The Collision Confusion Matrices in Figure 7 show that the retrained DroNet network based on the HDIN dataset achieved 100% accurate classification for collision samples, but misclassified non-collision samples as collision samples more than the pretrained DroNet network. The potential reason relies on the collection. Since the HDIN dataset indoor collection moves the UAV slower than the car-driving of the original DroNet dataset, the differences at the edge between the collision and non-collision samples are less obvious.
Table 4 quantitatively shows the data distribution according to Figure 7. The first column indicates the Datasets (i.e., DroNet or HDIN) with their corresponding label types. We used the Mean, Variance (Var) and Range to show the distribution of the steering label types from DroNet and HDIN datasets, where both our HDIN datasets and the DroNet datasets have similar mean steering values in all three label types (i.e., a baseline of 0.0067, close to 0 means).
Moreover, the Expected Steering label type in HDIN dataset has the largest variance (i.e., 0.167) which means more difficulty for regression by the CNN model. Despite this large variance, the 0.798 EVA of HDIN dataset with Expected Steering label type in Table 3 outperformed the baseline 0.737 EVA of the DroNet dataset, where EVA normalizes the different variances into the same level. This indicates the labels in our HDIN dataset are more consistent and trainable than DroNet dataset. The collision subset includes Collision and Non-collision samples, where their corresponding proportions are shown in the final two columns.

6. Conclusions

In this paper, we proposed a real-world indoor UAV dataset along with its collection methodology and scaling factor labeling method for visual-based navigation. Our HDIN dataset compensates for the current public datasets with real-world indoor data, and further benefits the generalization capability of autonomous navigation using supervised learning. The Data Collection Setup indicates that the data can be collected without bespoke sensor installation while the Collection Methodology proposes the scaling factor labeling method with three label types, i.e., Expected steering, Fitting angular velocity and Scalable angular velocity, which overcome the challenges of data jitters and unidentical steering labels.
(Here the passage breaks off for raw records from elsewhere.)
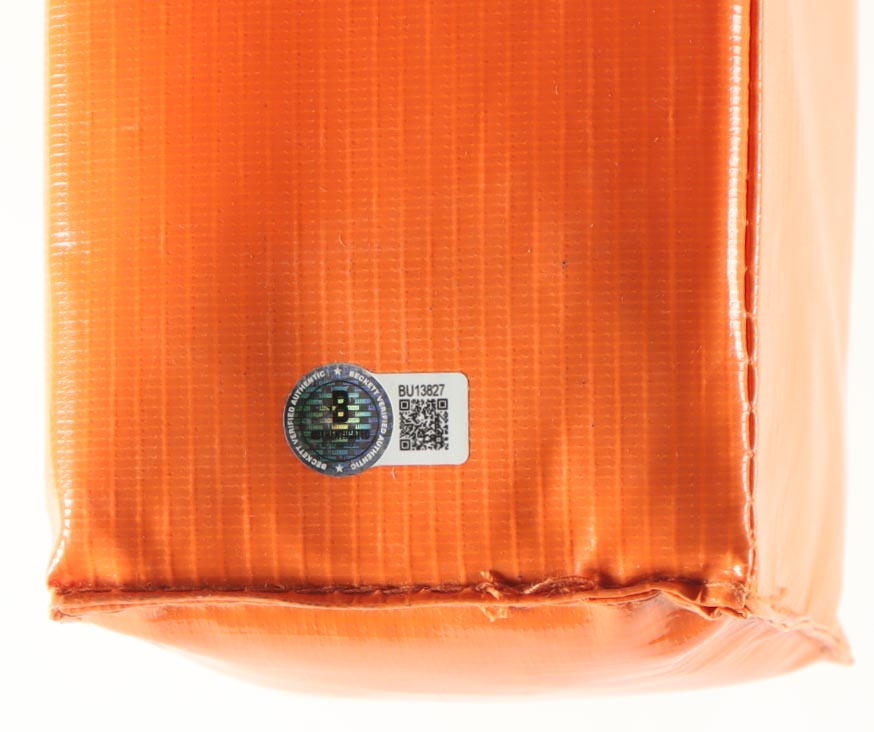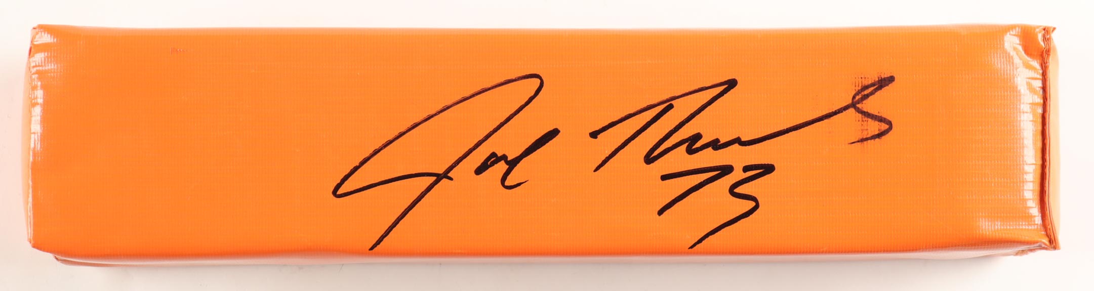 Football end zone pylon has been hand-signed by Joe Thomas (Cleveland Browns, HOF). Please note, the autograph is smudged.
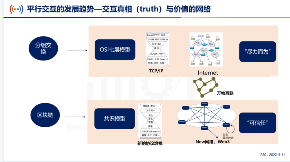 “平行交互解决的问题是人们在数字空间里的关键挑战,大家交互的是真相,交互的是“价值”。有了区块链分布式总账的理念,我们可以围绕共识模型设计一个新的协议栈,基于这样的协议栈来构建大家现在比较关注的web3,就是能实现web3的很多发展目标。从这个逻辑来看,我认为平行交互是区块链催生的整个互联网发展的新趋势。”金键表示。
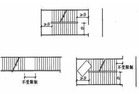 楼梯平台是连接楼地面与梯段端部的水平部分,有中间平台和楼层平台,平台深度不应小于楼梯梯段的宽度,并不应小于 1.2m,当有搬运大型物件需要时应适当加宽。但直跑楼梯的中间平台深度以及通向走廊的开敞式楼梯楼层平台深度,可不受此限制,如图所示。
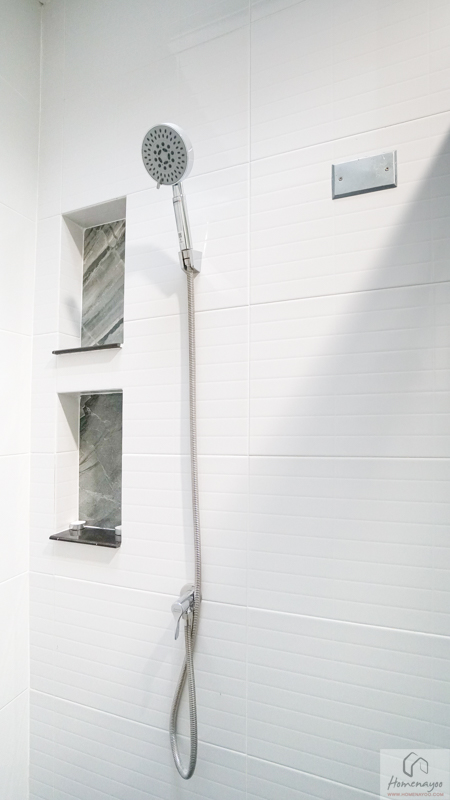 ด้านในจะติดตั้งฝักบัวสายอ่อน ก๊อกน้ำก้านโยก ผนังด้านซ้ายเจาะช่องทำชั้นวางของมาให้ 1 ชั้น และที่ด้านขวามือจะมีการเดินงานระบบไฟฟ้า ติด Junction Box เพื่อรองรับการติดเครื่องทำน้ำอุ่นได้อย่างปลอดภัยค่ะ
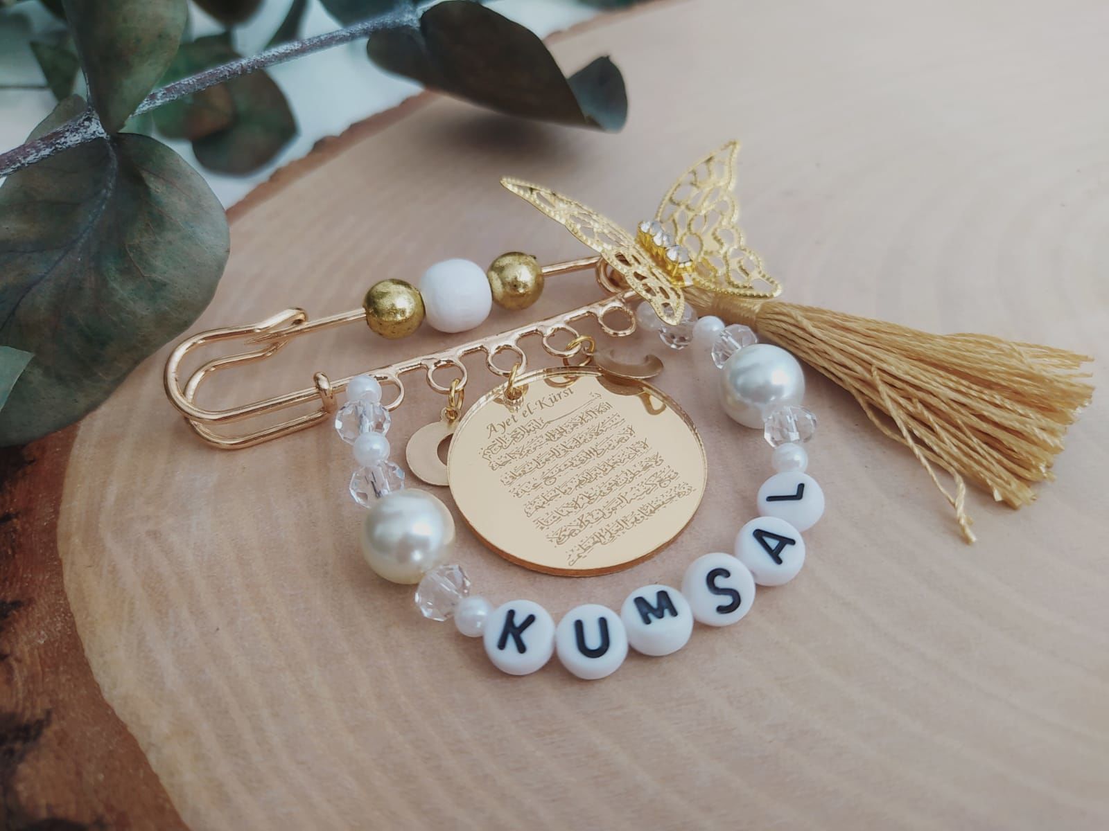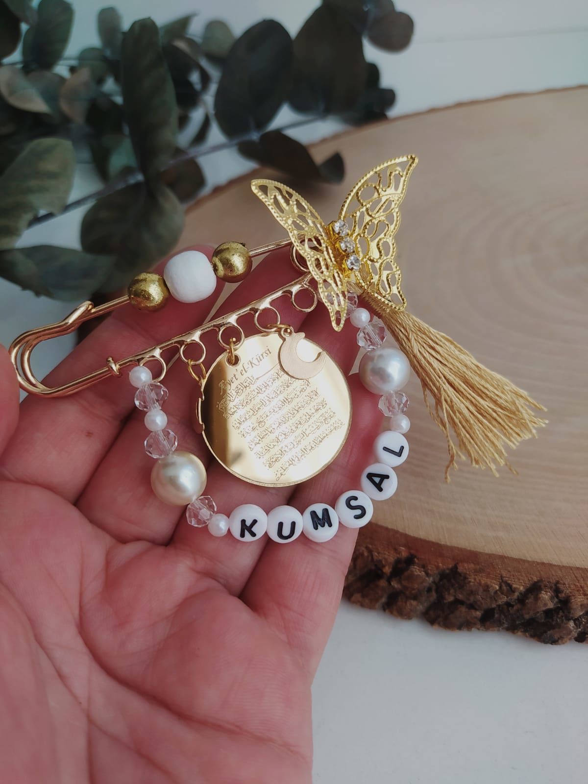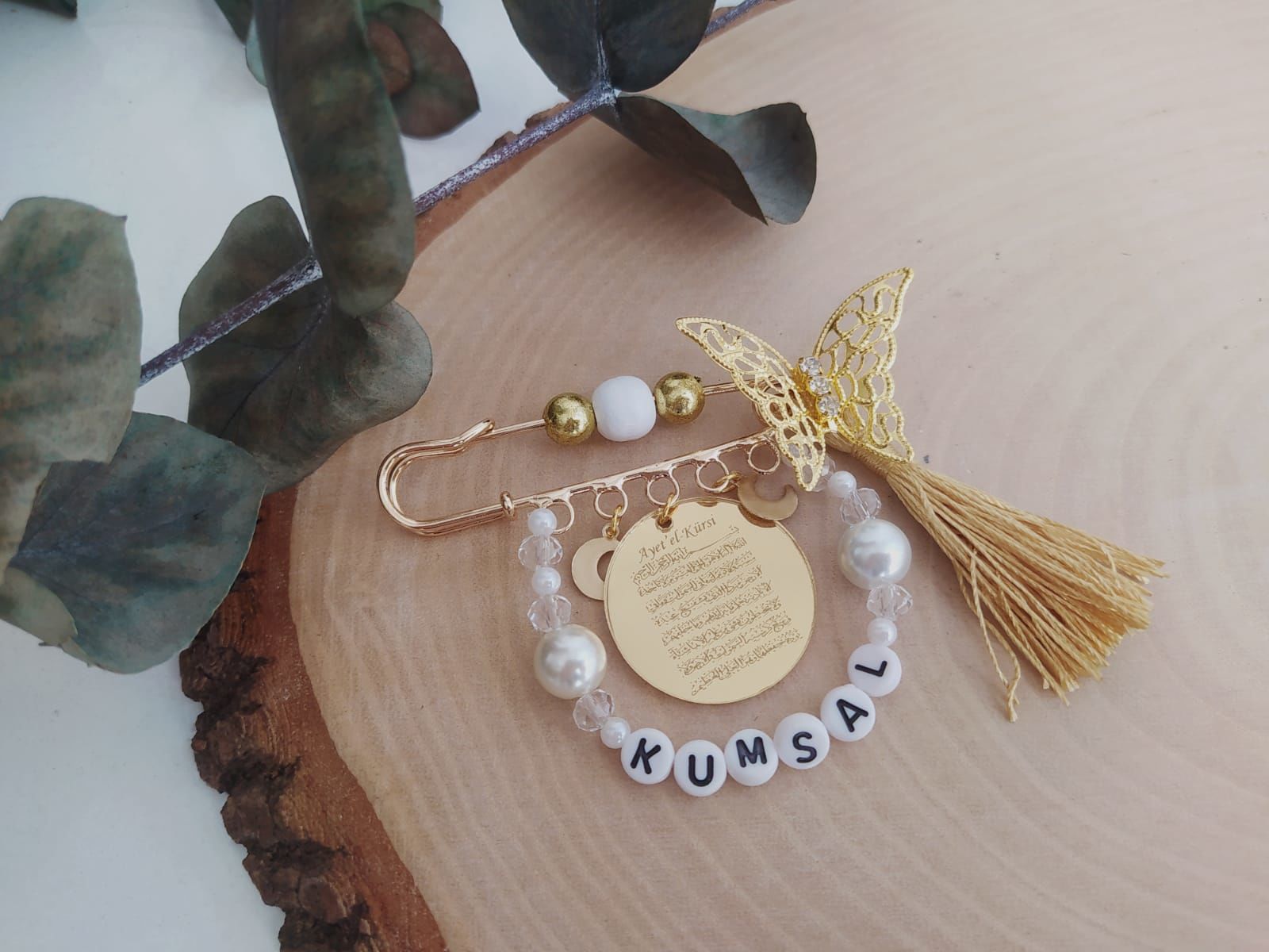 Ayetel Kürsi Dualı İsimli Süslemeli Bebek Nazarlık Yaka İğnesi Bebek Maşallah İğnesi Bebek Hediye
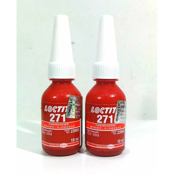 Pengiriman hanya untuk wilayah Jawa Barat, DKI, Banten Harga satuan stok terbaruExpired date: 2020LOCTITE271 is designed for the permanent locking and sealing of threaded fasteners. The product cures when confined in the absence of air between close fitting metal surfaces and prevents loosening and leakage from shock and vibration. Typical applications include the locking and sealing of large bolts and studs (up to M

The Dataset Evaluation evidenced that our dataset is valid for training visual-based UAV autonomous navigation networks.
The limitations of the datasets: (1) The samples do not have a vast diversity of backgrounds in various corridor components; (2) The Multi-task labels in HDIN dataset only enable the UAV to navigate in the 2D plane (i.e., collision classification for adjusting forward speed and steering regression for correcting direction), which does not efficiently take advantage of UAV accessibility in 3D space. Our future research will firstly expand the dataset with scaling factor shifting and altitude-rising labels in more buildings with dynamic obstacles such as human volunteers, not just enriching the backgrounds but also increasing the current 2-DOF control of the DroNet network (i.e., moving forward and yawing) to 4-DOF control (i.e., moving forward, yawing, shifting and rising altitude in 3D spaces). Secondly, the DroNet network retrained on the HDIN dataset requires field tests on the real UAV and environments.

Author Contributions

Data curation, Y.C. (Yingxiu Chang) and S.H.; Formal analysis, Y.C. (Yingxiu Chang); Investigation, Y.C. (Yingxiu Chang); Methodology, Y.C. (Yingxiu Chang), Y.C. (Yongqiang Cheng) and G.S.; Project administration, Y.C. (Yongqiang Cheng) and J.M.; Resources, Y.C. (Yongqiang Cheng), J.M. and G.S.; Software, Y.C. (Yingxiu Chang); Validation, Y.C. (Yingxiu Chang), J.M. and S.H.; Visualization, S.H.; Writing—original draft, Y.C. (Yingxiu Chang); Writing—review & editing, Y.C. (Yongqiang Cheng), J.M. and G.S. All authors have read and agreed to the published version of the manuscript.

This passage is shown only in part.